The overall number of layers in the model was 58. The output layer was placed over the second fully connected layer. The softmax function, located in the output layer, was utilized for classification. The output extracted features of the model were employed to train the classifiers of Support vector machines (SVM) (DFU_FNet + SVM) and k-nearest neighbors (KNN) (DFU_FNet + KNN). The SVM classifier was margin-based. The concept for the SVM algorithm was to determine the optimum partition line between two classes, aiming that objects would have the largest distance from that line. The SVM utilized kernels such as polynomial, linear, Sigmund, and radial basis functions.
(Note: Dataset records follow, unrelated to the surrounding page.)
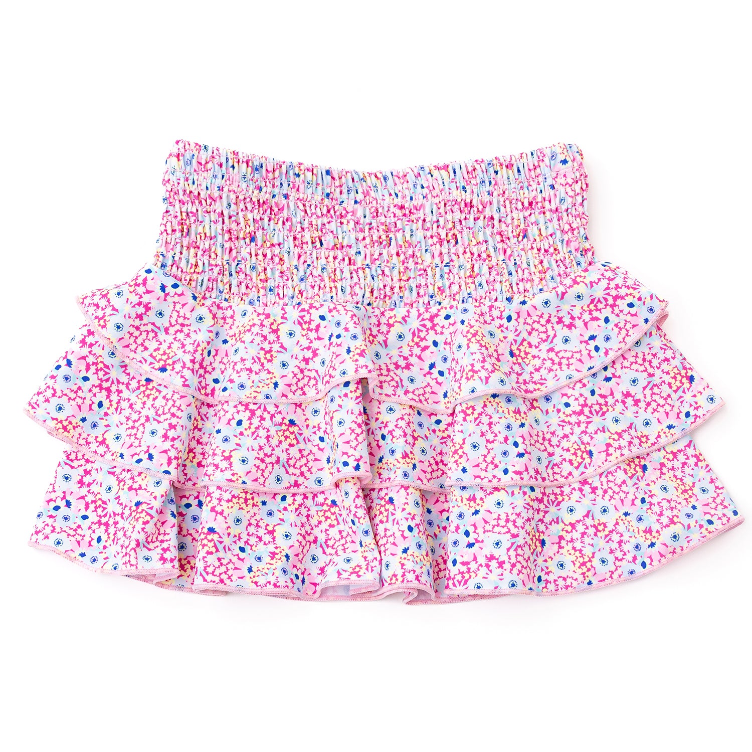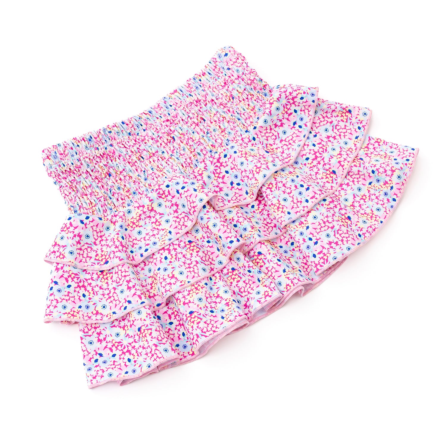 Add a pop of playful charm to her summer wardrobe with the Electric Ditsy Skirt by Shade Critters in pink floral. Designed for movement and comfort, this active skirt features three tiers of ruffle detailing that twirl and bounce with every step, making it perfect for playdates, practice, or casual outings. The smocked waistband ensures a secure, stretchy fit that grows with her, while the soft, flexible fabric allows her to run, jump, and spin freely. The perfect balance of comfort and stretch, and thoughtfully designed in the USA, the Electric Ditsy Skirt brings fun, function, and style together for every little adventurer.
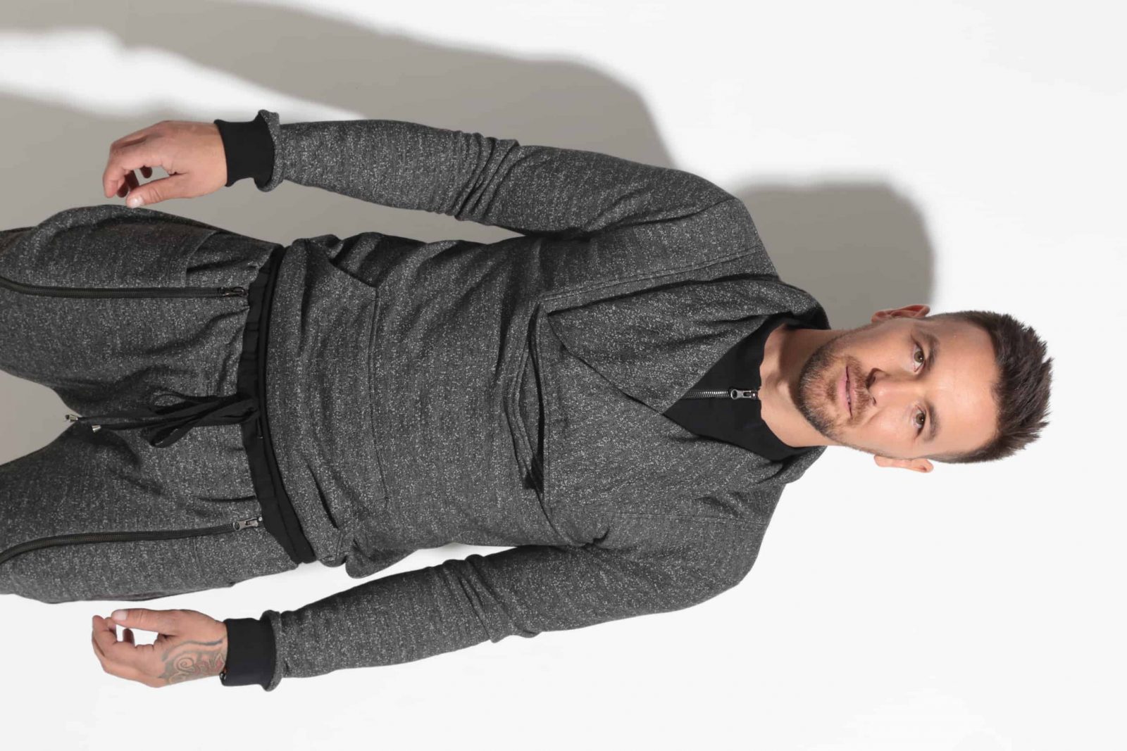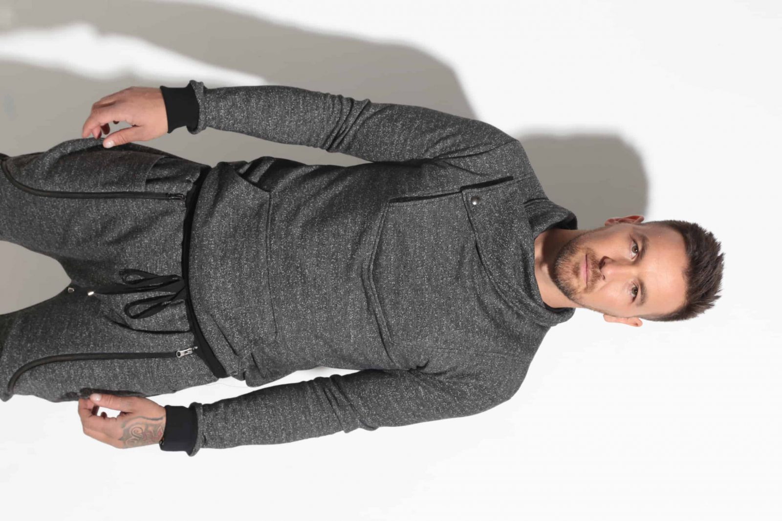 Sporty men’s set made of thick elastic fabric. The trouser waistband and striped zippers around the front pockets. Sweatshirt has a large collar with a fastening and a front pocket.
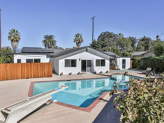 This beautiful pool home located in prime South Redlands features 3 bedrooms and 2.5 bathrooms within its spacious 2016 sqft with wood and tile flooring throughout. Updated kitchen with stainless steel appliances and granite counter-tops. Adjoining dining area is highlighted by an indoor brick charcoal grill. Third bedroom has been converted to an office and opens into the large sun-room, which provides an abundance of natural light and a great entertainment space. The large lot features drought tolerant landscaping along with multiple orange (2 Valencia, 2 Naval), a Meyer lemon, a Grapefruit and an Avocado tree. Electricity is provided by 16 solar panels that are FULLY OWNED.

In comparison, the KNN classifier of the object depended on the nearest training samples inside the feature space. Several discriminative features were available in each convolution layer. In contrast, skin abnormalities (ulcers) produced higher activations. A public dataset was used to train the proposed and pre-trained models for 100 epochs pending the learning termination.

As a final consideration, the pre-trained models (i.e., VGG-16 [27], AlexNet [28], and GoogleNet [29]) were trained with our dataset using the same training parameters that were utilized to train both the DFU_FNet. The pre-trained models have been fine-tuned for the DUF task by transferring the knowledge of these models learned from the ImageNet dataset.

DFU_TFNet model

With this model, we provide a new TL technique for addressing the issue of the small dataset of DFU. This TL type helps to overcome the issue of transfer learning from the pre-trained models of ImageNet to medical imaging applications where ImageNet images are different from medical images, which could not help with small datasets. At the same time, the proposed TL helps to learn the relevant features. It also helps to reduce the time of the annotation process of medical images. Because there has been significant growth in the amount of unannotated medical images, the recommended technique was based on training the DFU_TFNet model on a large number of unannotated images that look similar to DFU images. The collected images for TL include different datasets of skin cancer and wounds. The total number of images is 100 thousand images. The DFU_TFNet model is then fine-tuned and trained on the DFU dataset.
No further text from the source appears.